The oil-soaked hair, hay or corn can then be taken out of the sacks and then carefully burned as a fuel or heating source, or reprocessed for oil by an oil refinery.
Note 1: Most government agencies still don't know about the science behind adsorption. Your local community will have to educate them. Start by sending them the Nasa article.Note 2: There is some anecdotal evidence that oyster mushrooms can detoxify oil after it is removed from the ocean. As the San Francisco Chronicle notes regarding the clean-up of a 2007 oil spill in the San Francisco Bay Area:
Update: The prestigious Battelle Laboratories has tested oyster mushrooms and found them very effective for detoxifying oil.Once the mats are soaked with black gunk, oyster mushrooms will take over, growing on the mats and absorbing the oil.

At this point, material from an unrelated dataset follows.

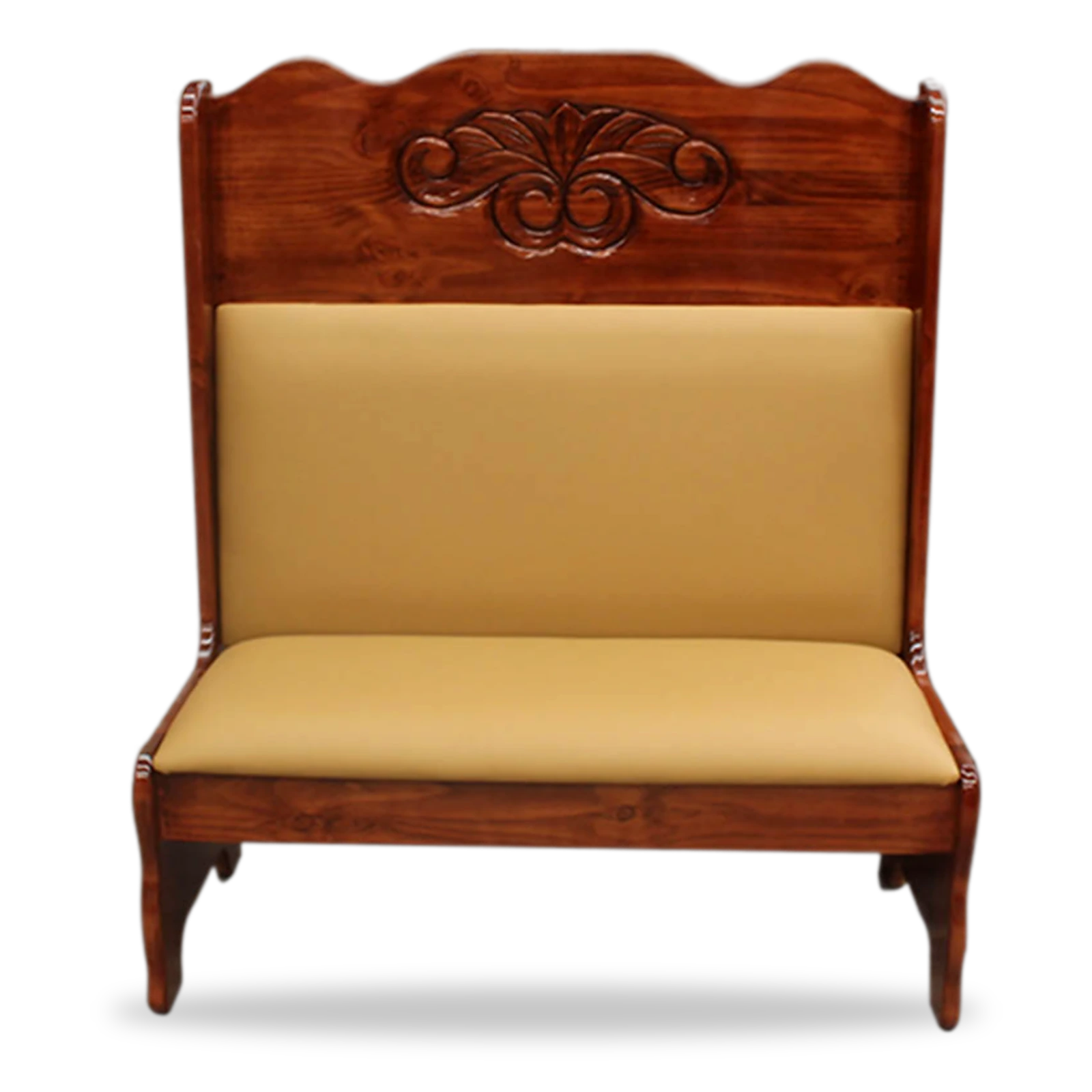 Este booth rustico grabado sencillo artesanal en madera maciza. Resistente, auténtico y perfecto para restaurantes y bares con estilo mexicano.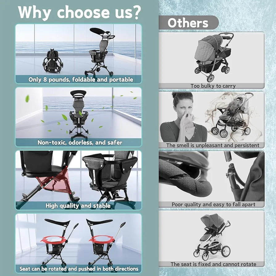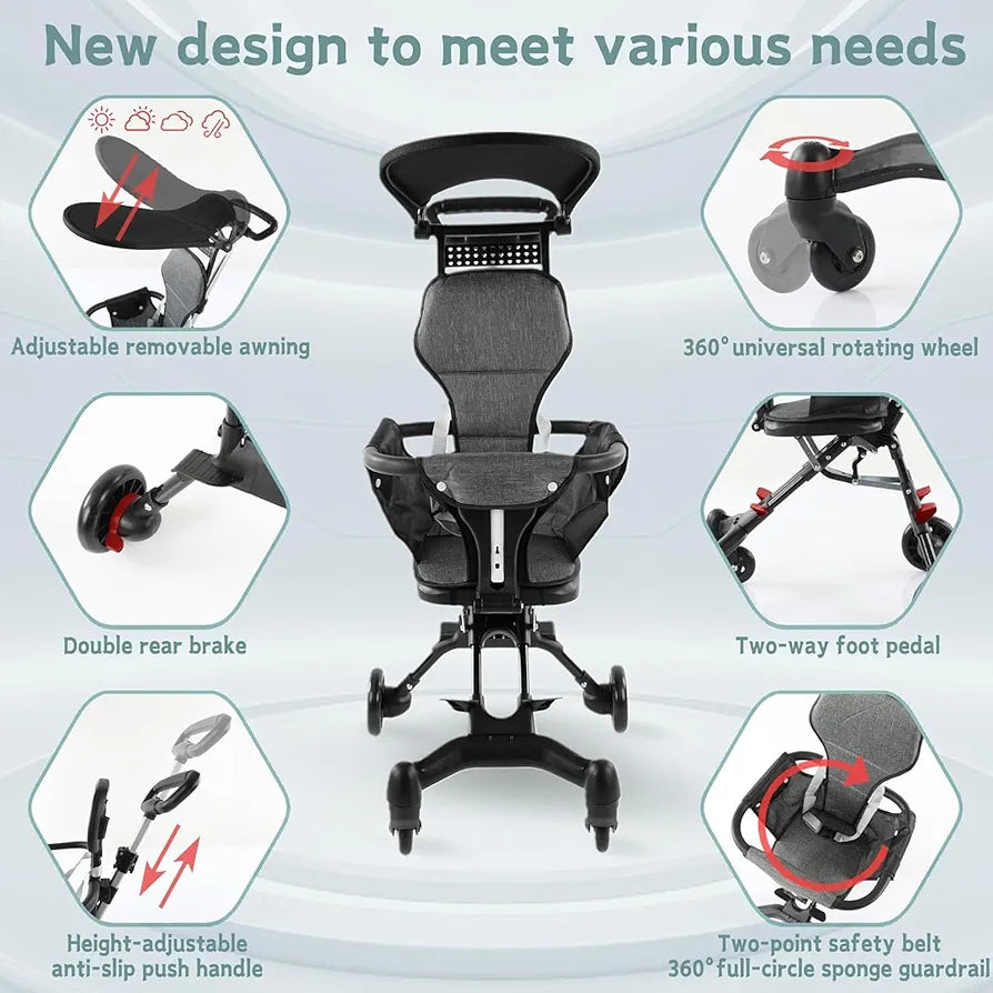 Baby Stroller,Portable Travel Stroller for Airplane with Mini Umbrella,Lightweight and Compact Stroller with 360° Two-Way Rotational Seat,Toddler Coast Rider Stroller with One Hand Easy FoldDhs. 99.00Dhs. 160.00

National mushroom expert Paul Stamets was in town the weekend after the spill for the Green Festival, heard of Gautier's work and donated $10,000 worth of oyster mushrooms to harvest on the oily hair mats.
Gautier said the mushrooms will absorb the oil within 12 weeks, Gautier said, turning the hair mats into nontoxic compost.
"You make it like a lasagna," Gautier said. "You layer the oily hair mats with mushrooms and straw, turn it in six weeks, and by 12 weeks you have good soil."
The soil may not be good enough to grow carrots but is certainly good enough to use for landscaping along roads, she said.